Work to complete
Could you transcribe exactly the lines below, from the line with "Präsentationstasche für Puppen, 19,5" through the line with "The 1949 Sanborn", and nothing else, leaving out the pictures?

Information given

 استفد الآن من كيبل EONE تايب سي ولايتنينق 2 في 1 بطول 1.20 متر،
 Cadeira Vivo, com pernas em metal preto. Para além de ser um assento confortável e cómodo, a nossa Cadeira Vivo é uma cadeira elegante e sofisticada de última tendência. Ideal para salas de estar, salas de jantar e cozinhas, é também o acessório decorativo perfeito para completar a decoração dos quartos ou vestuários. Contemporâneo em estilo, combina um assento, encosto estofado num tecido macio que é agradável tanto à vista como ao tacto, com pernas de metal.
---
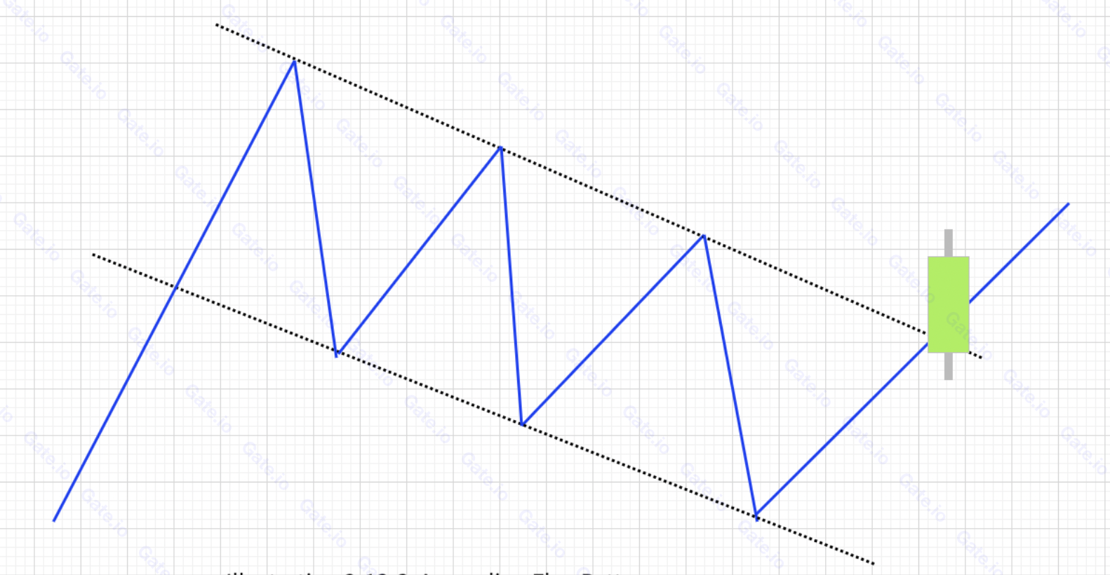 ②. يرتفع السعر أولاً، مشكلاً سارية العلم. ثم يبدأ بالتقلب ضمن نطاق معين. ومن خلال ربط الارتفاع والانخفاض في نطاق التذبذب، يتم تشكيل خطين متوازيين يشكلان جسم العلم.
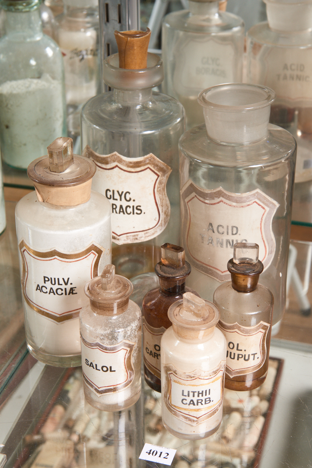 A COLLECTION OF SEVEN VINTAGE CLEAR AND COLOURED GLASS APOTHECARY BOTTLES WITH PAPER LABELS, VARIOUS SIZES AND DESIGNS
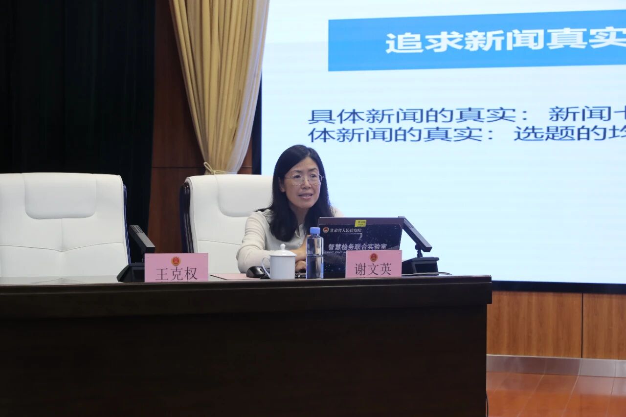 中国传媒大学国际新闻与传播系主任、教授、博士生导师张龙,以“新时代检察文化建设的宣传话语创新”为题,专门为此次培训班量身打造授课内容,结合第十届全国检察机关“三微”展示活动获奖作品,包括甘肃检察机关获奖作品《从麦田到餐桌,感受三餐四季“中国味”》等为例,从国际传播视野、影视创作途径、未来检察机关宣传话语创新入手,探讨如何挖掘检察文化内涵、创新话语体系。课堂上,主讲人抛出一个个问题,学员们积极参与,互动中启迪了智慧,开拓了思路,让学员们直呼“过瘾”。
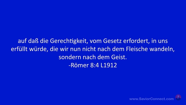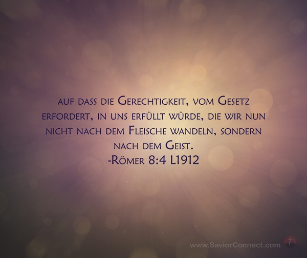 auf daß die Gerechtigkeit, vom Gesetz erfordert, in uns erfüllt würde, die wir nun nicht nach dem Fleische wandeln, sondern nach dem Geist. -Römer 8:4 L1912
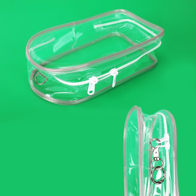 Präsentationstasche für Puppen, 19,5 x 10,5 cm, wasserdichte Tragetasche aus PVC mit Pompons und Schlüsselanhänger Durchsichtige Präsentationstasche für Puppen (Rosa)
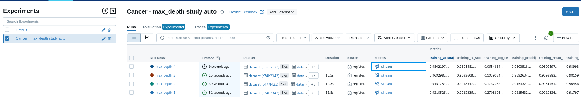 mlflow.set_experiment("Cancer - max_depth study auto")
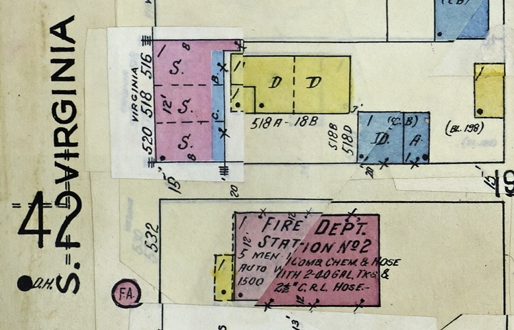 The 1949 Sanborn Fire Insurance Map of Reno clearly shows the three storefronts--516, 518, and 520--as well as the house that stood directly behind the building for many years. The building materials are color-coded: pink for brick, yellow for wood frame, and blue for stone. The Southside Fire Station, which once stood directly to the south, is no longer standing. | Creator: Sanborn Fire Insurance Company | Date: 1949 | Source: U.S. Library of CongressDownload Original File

Worked solution
 Präsentationstasche für Puppen, 19,5 x 10,5 cm, wasserdichte Tragetasche aus PVC mit Pompons und Schlüsselanhänger Durchsichtige Präsentationstasche für Puppen (Rosa)
 mlflow.set_experiment("Cancer - max_depth study auto")
 The 1949 Sanborn Fire Insurance Map of Reno clearly shows the three storefronts--516, 518, and 520--as well as the house that stood directly behind the building for many years. The building materials are color-coded: pink for brick, yellow for wood frame, and blue for stone. The Southside Fire Station, which once stood directly to the south, is no longer standing. | Creator: Sanborn Fire Insurance Company | Date: 1949 | Source: U.S. Library of CongressDownload Original File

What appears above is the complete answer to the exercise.